Владимир Владимирович Шахиджанян:
Добро пожаловать в спокойное место российского интернета для интеллигентных людей!
Круглосуточная трансляция из офиса Эргосоло

Редкий кадр

Продолжаем публикацию интервью Андрея Ванденко. Разговор, состоявшийся в 2010 году, с режиссёром документального кино Ольгой Свибловой.

Данила Трофимов, редактор 1001.ru

На минувшей неделе Мультимедиа Арт Музей Москва — МАММ, зачастую именуемый по старинке Московским домом фотографии, справлял новоселье. Точнее, возвращение на круги своя после пятилетних скитаний, вызванных реконструкцией входящих в музейный комплекс двух зданий на Остоженке. По идее, бессменный директор МДФ — и соответственно МАММ — Ольга Свиблова должна была светиться от радости, покончив с ремонтными мытарствами и обретя надежную крышу над головой, но при встрече особого оптимизма она не излучала…

— Не выглядите счастливой, Ольга Львовна.

— На публике должна постоянно держать лицо, а когда нет лишних свидетелей, могу позволить себе не играть. Я все время в работе и прекрасно знаю, что уже сделано и сколько еще предстоит.

— Вот и расскажите, чего вам стоило дом построить.

— Во-первых, это отвлекало от профессиональной деятельности, хотя ее никто не отменял. Во-вторых, потратила кучу нервов, а они, как известно, не восстанавливаются. В-третьих, узнала то, что предпочла бы не знать.

— А именно?

— Был момент, хотела рассказать о проблемах, с которыми столкнулась в процессе строительства. Когда доходила до точки, грузила кого-нибудь из близких, стараясь выговориться, выливала монолог о своих бедах на голову невольной жертвы. Так повторялось несколько раз, пока я не вспомнила, как в 2005 году мы делали выставку к юбилею Победы и развешивали на Остоженке портреты ветеранов Великой Отечественной. Фотографии сопровождали строчки из сочинений московских школьников, писавших о том, что им известно о войне. Мне почему-то врезалась в память работа мальчика, допустившего в коротком тексте несколько грамматических ошибок и признавшегося, что всю информацию он почерпнул из фильмов и книжек, поскольку его дедушка никогда не говорит о происходившем на фронте, мол, это слишком страшно… Кстати, мои бабушка и мама тоже всегда старательно избегали военной темы. Словом, я поняла, что не буду никому рассказывать, как строился МАММ.


Ольга Свиблова
Фото: Сергей Тягин

— Значит, это была ваша вторая мировая?

— …Тем более, работы далеки от завершения, сделать предстоит еще много. Наверное, по-иному не бывает: после ввода любого крупного объекта есть недоделки, но хотелось, чтобы их оставалось меньше, чем в нашем случае. Всегда надеешься на лучшее, но действительность быстро избавляет от иллюзий.

— Поэтому вы пока и не обжили новый кабинет?

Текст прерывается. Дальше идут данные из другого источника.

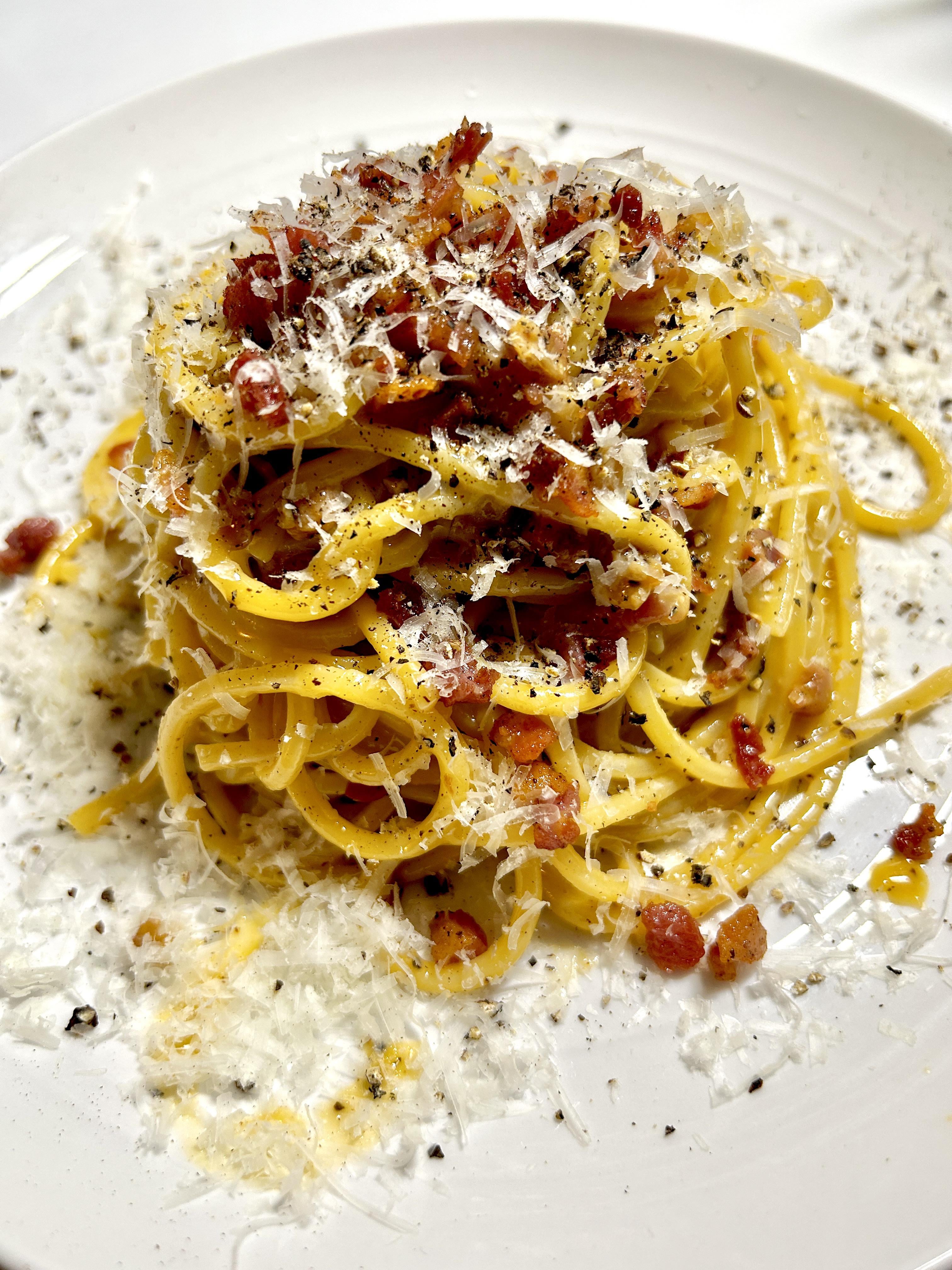 Used to think the “carbonara” we served at the restaurant I worked at was the best thing in life(😂)… until I found out it was the farthest thing from the original dish. 2017 was the first time I attempted it. In 2022, I saw how Chef Luciano Monosilio makes carbonara and it helped me refine the process. Only thing I don’t have easy access to is guanciale, so pancetta gets used

— Переезд музея — долгая история. Пока относительно готовы выставочные залы, туда можно приглашать гостей, офисная часть требует доработки.

— Когда в 98-м году начиналась история с реконструкцией, вы, наверное, предполагали, во что ввязываетесь?

— Другого выхода попросту не было. Мы получили крохотное здание в остро аварийном состоянии, но с замечательным расположением. Рассыпавшаяся кирпичная кладка, прогнившие и просевшие межэтажные перекрытия, старая, грозящая пожаром от короткого замыкания электропроводка… Понятно, что требовался капитальный ремонт. Город предложил помощь, которую мы с благодарностью приняли. Я хотела любой ценой сохранить место, ибо убеждена, что музеи обязаны располагаться там, где удобно посетителям. Цена квадратного метра на Остоженке известна, но мэрия Москвы пошла на эту жертву, мы остались в центре, в шаговой доступности от двух станций метро. В ближайшем будущем весь город наверняка спустится в подземку, устав стоять в многокилометровых пробках. Транспортный коллапс неизбежен, мы на его пороге. По крайней мере я заново учусь пользоваться метро после того, как десять лет назад села за руль машины… Конечно, в 98-м никто не мог предвидеть, насколько сложно все пойдет. Но это не проблема конкретной стройки. Город сделал максимум, чтобы объект был готов в срок. Надо говорить о системном сбое. В стране дико депрофессионализирован строительный сектор в целом. Поэтому двумя руками приветствую появление в Москве «Стрелки» как новорожденного центра архитектуры и дизайна. В этом есть острая нужда. Как и в грамотных, современных инженерах, прорабах, штукатурах, малярах, столярах. От них зависит качество работы. Ведь счастье, о котором вы спрашивали, оно в деталях. Так гласит девиз известной торговой фирмы. Я физически не могу видеть, когда краска залезает на наличник, дверной косяк установлен неровно, отходит уголок обоев или не до конца закручен винт. Хочется взять в руки отвертку, кисть и броситься все исправлять. Мечтаю возродить в прежнем виде профессионально-технические училища, где обучали бы настоящему ремеслу.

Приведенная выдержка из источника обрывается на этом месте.